*Excerpted data*:
==================================================

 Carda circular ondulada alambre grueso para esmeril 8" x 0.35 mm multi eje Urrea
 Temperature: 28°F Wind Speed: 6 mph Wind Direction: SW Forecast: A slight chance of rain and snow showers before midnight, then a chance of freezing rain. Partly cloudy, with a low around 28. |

==================================================

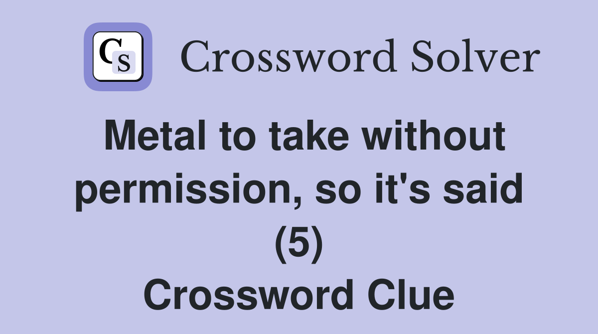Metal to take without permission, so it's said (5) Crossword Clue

==================================================

*Task requirements*: Would you output, from the records above, exactly the run of lines that starts at the line containing "Carda circular ondulada" and ends at the line containing "Temperature: 28°F Wind", and only that run?

*Expected answer*:
 Carda circular ondulada alambre grueso para esmeril 8" x 0.35 mm multi eje Urrea
 Temperature: 28°F Wind Speed: 6 mph Wind Direction: SW Forecast: A slight chance of rain and snow showers before midnight, then a chance of freezing rain. Partly cloudy, with a low around 28. |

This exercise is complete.